Roasted Cod Nicoise
Cod, green beans, and new potatoes roast together on a sheet pan for a convenient weeknight dinner. Leftovers can be stored in an airtight container in the fridge for up to 2 days. This recipe, featured in Allrecipes magazine's December/January 2020 issue, is from Ellie's latest cookbook, "Whole in One: Complete, Healthy Meals in a Single Pot, Sheet Pan, or Skillet."
Ingredients
- cooking spray
- 1 ½ pounds small new red potatoes, cut into 1-inch chunks
- 2 tablespoons olive oil, divided
- ¼ teaspoon salt
- 8 ounces thin French-style green beans, trimmed
- 1 ½ teaspoons coarse-ground Dijon mustard
- ⅛ teaspoon salt
- ⅛ teaspoon ground black pepper
- 4 (6 ounce) cod fillets
- 3 tablespoons prepared black olive tapenade
- 6 lemon wedges, or to taste
- 1 cup grape tomatoes, halved
- 2 tablespoons chopped fresh parsley
Instructions
- Preheat the oven to 400 degrees F (200 degrees C). Line an extra-large rimmed baking sheet with parchment paper. Coat parchment with cooking spray.

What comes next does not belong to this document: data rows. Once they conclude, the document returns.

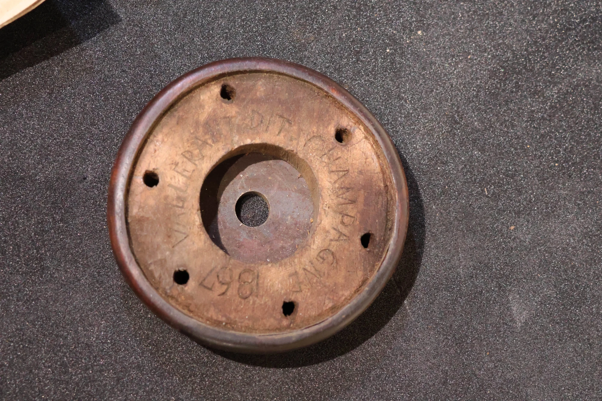 La découverte la plus inattendue fut le nom d’un Compagnon menuisier du devoir de liberté (MDDDL) gravé sur la bague de bois du fond du culot : Vallerant dit Champagne 1867. Enfin nous pouvions trouver la réponse à une question posée depuis longtemps.  Mais Vallerant avait-il restauré l’œuvre en 1867 ou avait-il réalisé le culot ? En fait nous avions toujours une interrogation : pourquoi le culot ne correspondait pas au plan ?
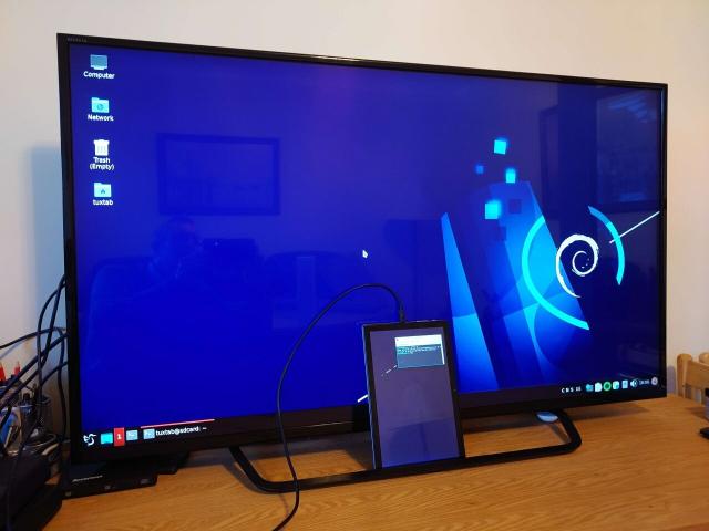 #PineTab2 running mainline #Linux kernel video out to an external monitor 😀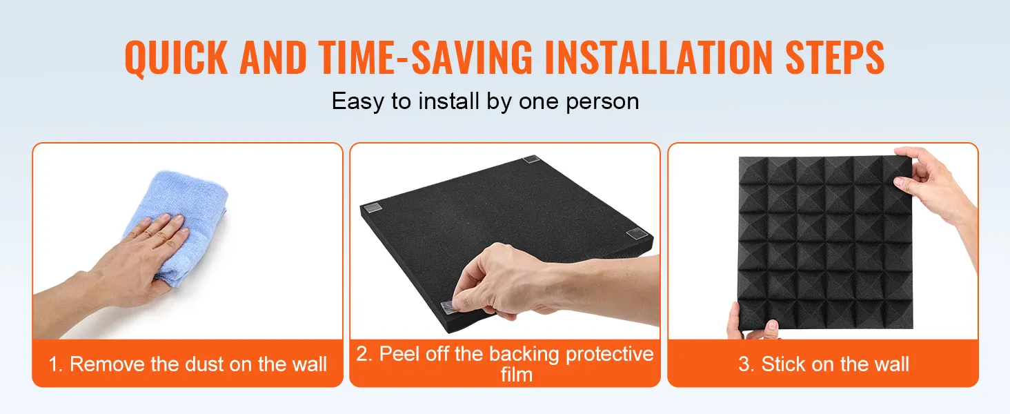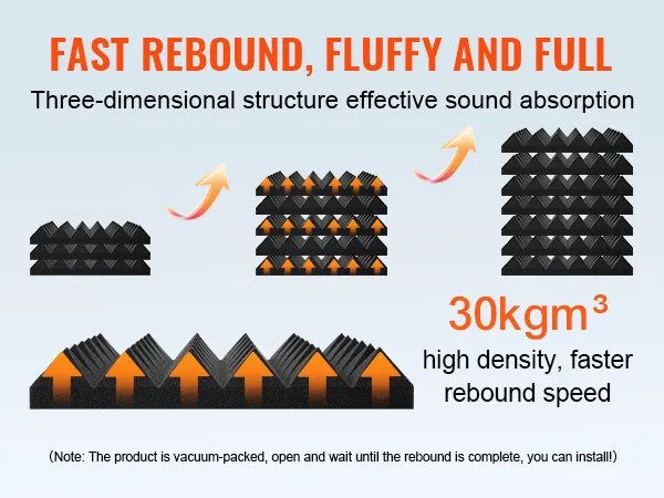 Efficient Soundproofing: The 30kg/m³ high-density polyurethane foam effectively absorbs high-frequency sound waves, improving the absorption of vibration echoes, reverberation, and noise, which helps reduce noise pollution and enhance sound clarity. NOTE: Vacuum packed. Please let it sit to regain shape. Feel free to contact customer service if you have any questions

- Toss potatoes in a bowl with 1 1/2 tablespoon oil and 1/4 teaspoon salt. Transfer to the prepared baking sheet and roast for 20 minutes.
- Toss green beans in bowl with remaining 1/2 tablespoon oil, mustard, remaining 1/8 teaspoon salt, and pepper. Push potatoes to one side of the baking sheet. Lay beans and fish separately on the other side. Spread 3/4 tablespoon tapenade on each fillet.
- Bake until cod is no longer translucent and flakes easily with a fork, 12 to 15 minutes. If vegetables need more time, transfer cod to a plate and cover with foil to keep warm. Roast vegetables 5 to 10 minutes more.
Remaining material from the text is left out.